If Wernicke encephalopathy is suspected for a patient, MRI may be useful in diagnosis. MRI may also be useful in identifying other severe complications of hyperemesis, such as central pontine myelinolysis .
Clinically significant deficiencies of the fat-soluble vitamin, vitamin-K, have been reported. This deficiency has been linked to adverse effects such as neonatal hemorrhage, and case reports have noted the development of coagulopathy from vitamin K deficiency that contributed to intraperitoneal hemorrhage intraoperatively in a young woman with large myoma and small bowel obstruction who had been diagnosed with hyperemesis.
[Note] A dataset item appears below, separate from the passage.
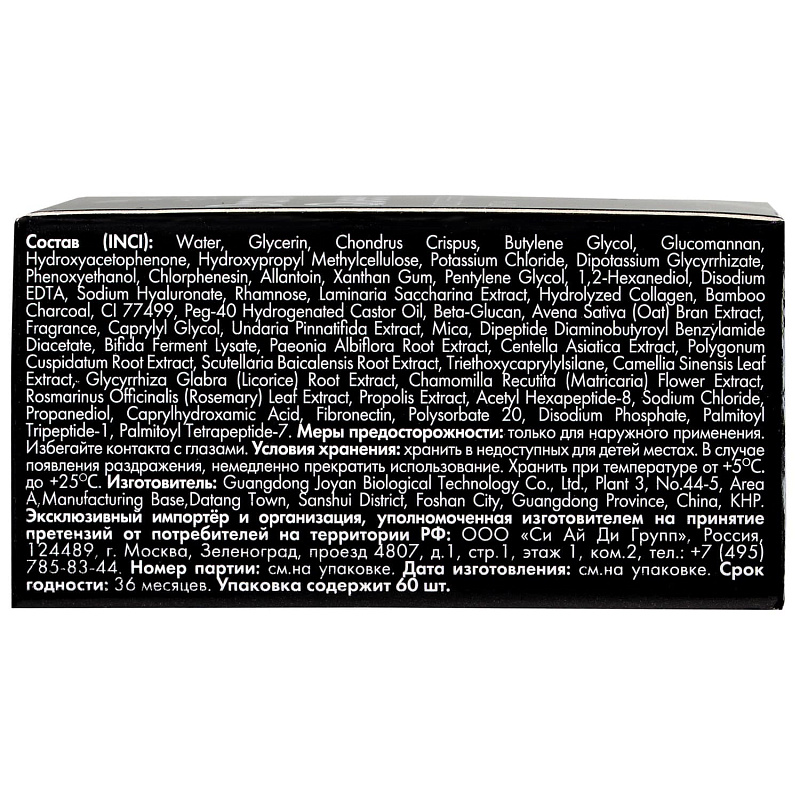 Состав (INCI): water, glycerin, chondrus crispus, butylene glycol, glucomannan, hydroxyacetophenone, hydroxypropyl methylcellulose, potassium chloride, dipotassium glycyrrhizate, phenoxyethanol, chlorphenesin, allantoin, xanthan gum, pentylene glycol, 1,2-hexanediol, disodium edta, sodium hyaluronate, rhamnose, laminaria saccharina extract, hydrolyzed collagen, bamboo charcoal, ci 77499, peg-40 hydrogenated castor oil, beta-glucan, avena sativa (oat) bran extract, fragrance, caprylyl glycol, undaria pinnatifida extract, mica, dipeptide diaminobutyroyl benzylamide diacetate, bifida ferment lysate, paeonia albiflora root extract, centella asiatica extract, polygonum cuspidatum root extract, scutellaria baicalensis root extract, triethoxycaprylylsilane, camellia sinensis leaf extract, glycyrrhiza glabra (licorice) root extract, chamomilla recutita (matricaria) flower extract, rosmarinus officinalis (rosemary) leaf extract, propolis extract, acetyl hexapeptide-8, sodium chloride, propanediol, caprylhydroxamic acid, fibronectin, polysorbate 20, disodium phosphate, palmitoyl tripeptide-1, palmitoyl tetrapeptide-7.

This coagulopathy may lead to increased blood loss during procedures and surgeries required during pregnancy .
Serum electrolyte disturbances of patients with hyperemesis result in severe hypokalemia. Potassium abnormalities have been noted to increase the mortality associated with hyperemesis. Case reports have identified profound hypokalemia leading to rhabdomyolysis in the setting of hyperemesis gravidarum .
Esophageal laceration associated with hematemesis, known as Mallory-Weiss syndrome, may result from the repetitive wrenching associated with hyperemesis. When this barotrauma causes rupture of the esophagus (Boerhaave syndrome), pneumomediastium may result (Hamman's syndrome). While some patients with this complication may tolerate conservative management, others may require surgical intervention. This complication may be suspected in patients presenting with subcutaneous emphysema on physical exam or imaging .
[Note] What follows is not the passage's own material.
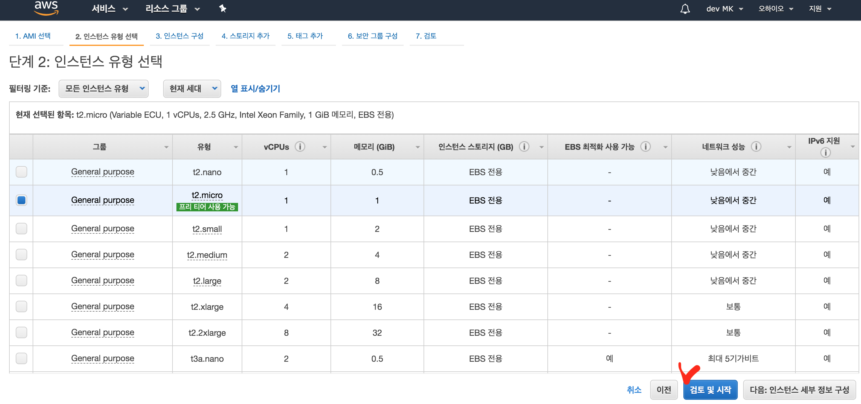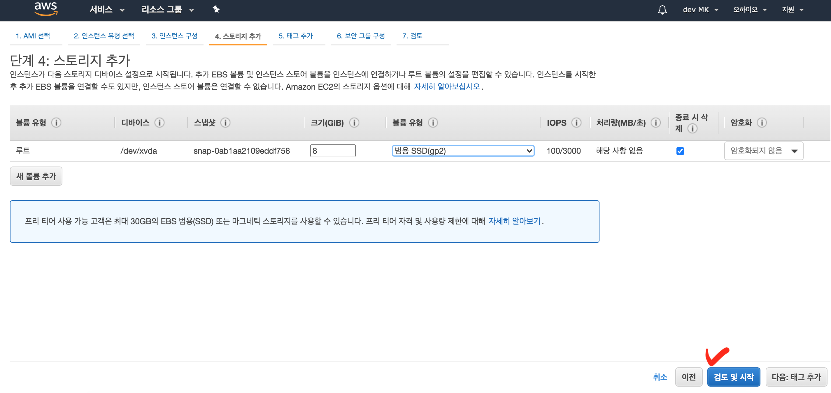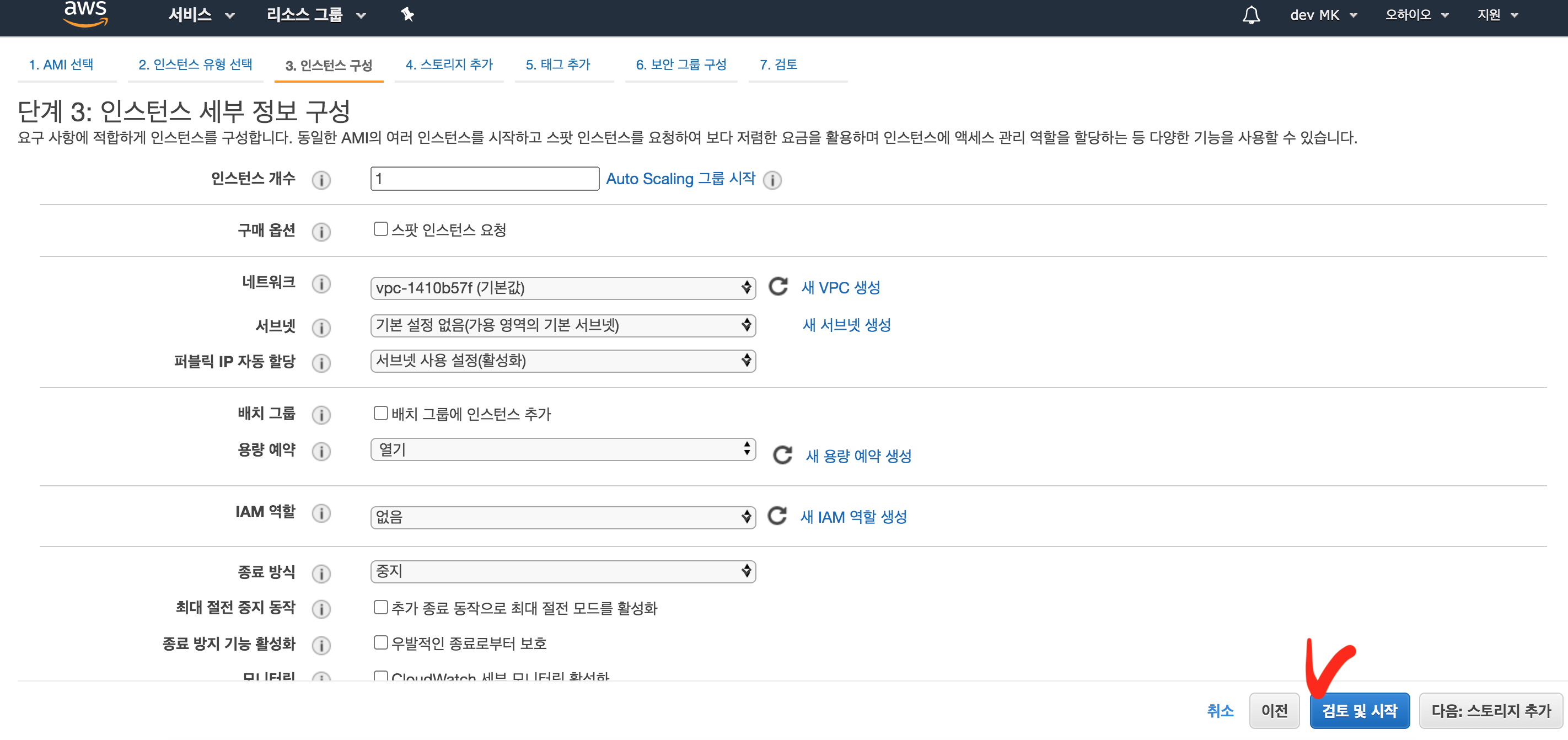 8. 그냥 디폴트 값 확인하고 [검토 및 시작] 누른다.

Studies have shown that the psychosocial burden of hyperemesis may be underestimated. In a study by Poursharif et al. , patients afflicted with hyperemesis gravidarum were more likely to report that their health care providers did not realize how ill they were. This study also showed that of the 808 women with hyperemesis studied, 15% had at least one termination due to their symptoms, and another 12% “almost” underwent termination of pregnancy. Many patients with hyperemesis reported fear of subsequent pregnancy due to their experience with hyperemesis. The patient-physician relationship may be strained by care giver attitude toward hyperemesis, as some have associated hyperemesis as a manifestation of psychosocial stressors or negative attitude toward that pregnancy . A study from 2001 by Simpson et al.  utilized the Minnesota Multiphasic Personality Inventory-2 and Symptom Check List-90 Revised in order to compare patients with hyperemesis to controls and found no support that hyperemesis was solely a psychological manifestation .
Another study noted an association between hyperemesis gravidarum and posttraumatic stress syndrome, with women reporting episodes reexperiencing, avoidance/numbing, and hyperarousal. Women demonstrating these symptoms were found to experience difficulty with breast milk production, experience marital difficulties, work and education problems, financial difficulties, as well as poor self-care postpartum . A study using the Beck depression inventory that compared 200 women with hyperemesis with 200 matched controls noted that the depression risk was more than 76-fold in the group with hyperemesis .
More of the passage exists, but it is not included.